WORK INSTRUCTION:
Write out the listing below exactly, and omit any images you find in it.
EXERCISE DATA START
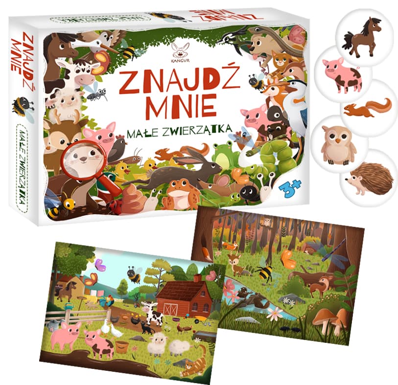Gdzie stoi konik? Gdzie schowała się kurka? Czy widzisz kotka? Na kolorowych planszach ukryły się małe zwierzątka. Mali gracze odnajdują zwierzątka i dopasowują do nich żetony. Gra rozwija u dzieci wyobraźnię i koncentrację. Bawcie się dobrze!
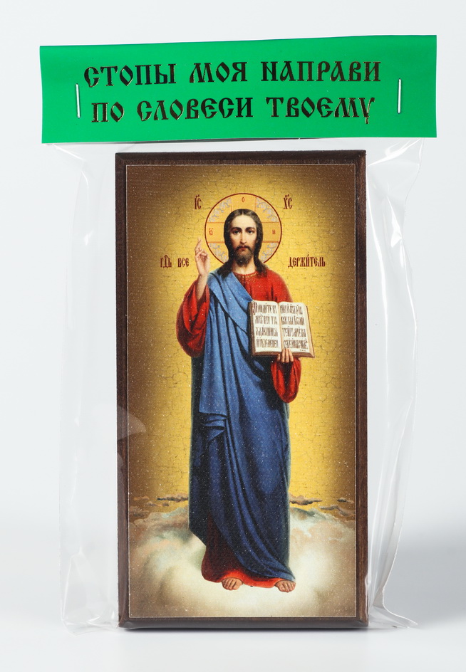 Икона на дереве 6х12 канвас, упаковка, ярлык Спаситель
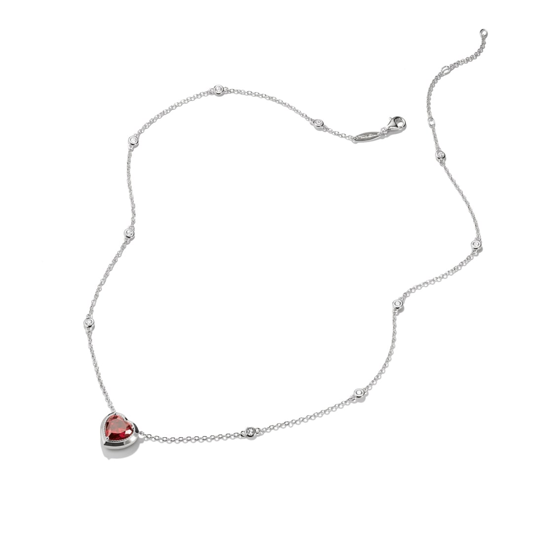 - Elyndra Halskette aus recyceltem 925 Sterling Silber mit granatrotem Herz-Zirkonia
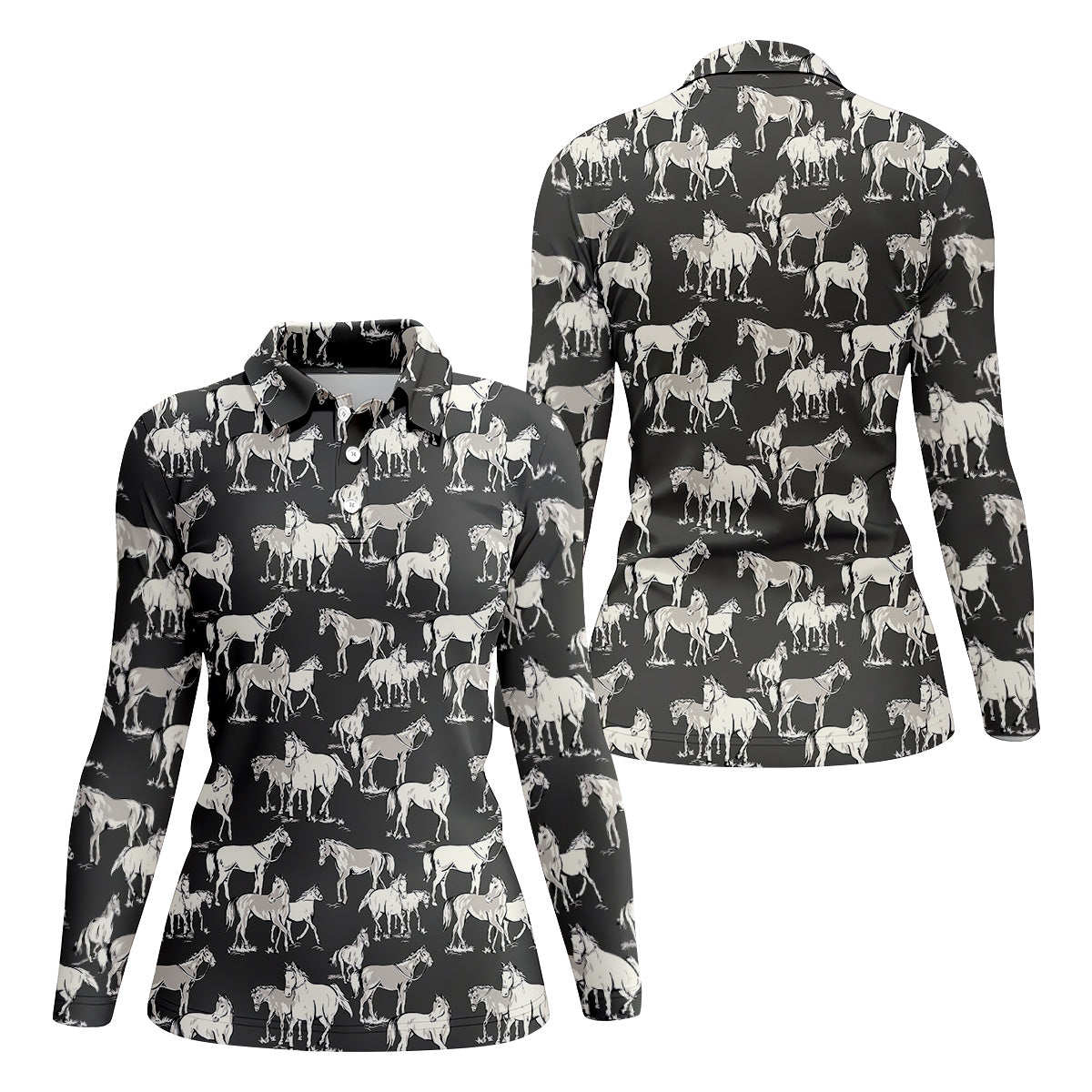 Wild Horse Seamless Pattern Women Golf Top, Golf Shirt For Women, Ladies Golf Polos
EXERCISE DATA END
WRITTEN REPLY:
Gdzie stoi konik? Gdzie schowała się kurka? Czy widzisz kotka? Na kolorowych planszach ukryły się małe zwierzątka. Mali gracze odnajdują zwierzątka i dopasowują do nich żetony. Gra rozwija u dzieci wyobraźnię i koncentrację. Bawcie się dobrze!
 Икона на дереве 6х12 канвас, упаковка, ярлык Спаситель
 - Elyndra Halskette aus recyceltem 925 Sterling Silber mit granatrotem Herz-Zirkonia
 Wild Horse Seamless Pattern Women Golf Top, Golf Shirt For Women, Ladies Golf Polos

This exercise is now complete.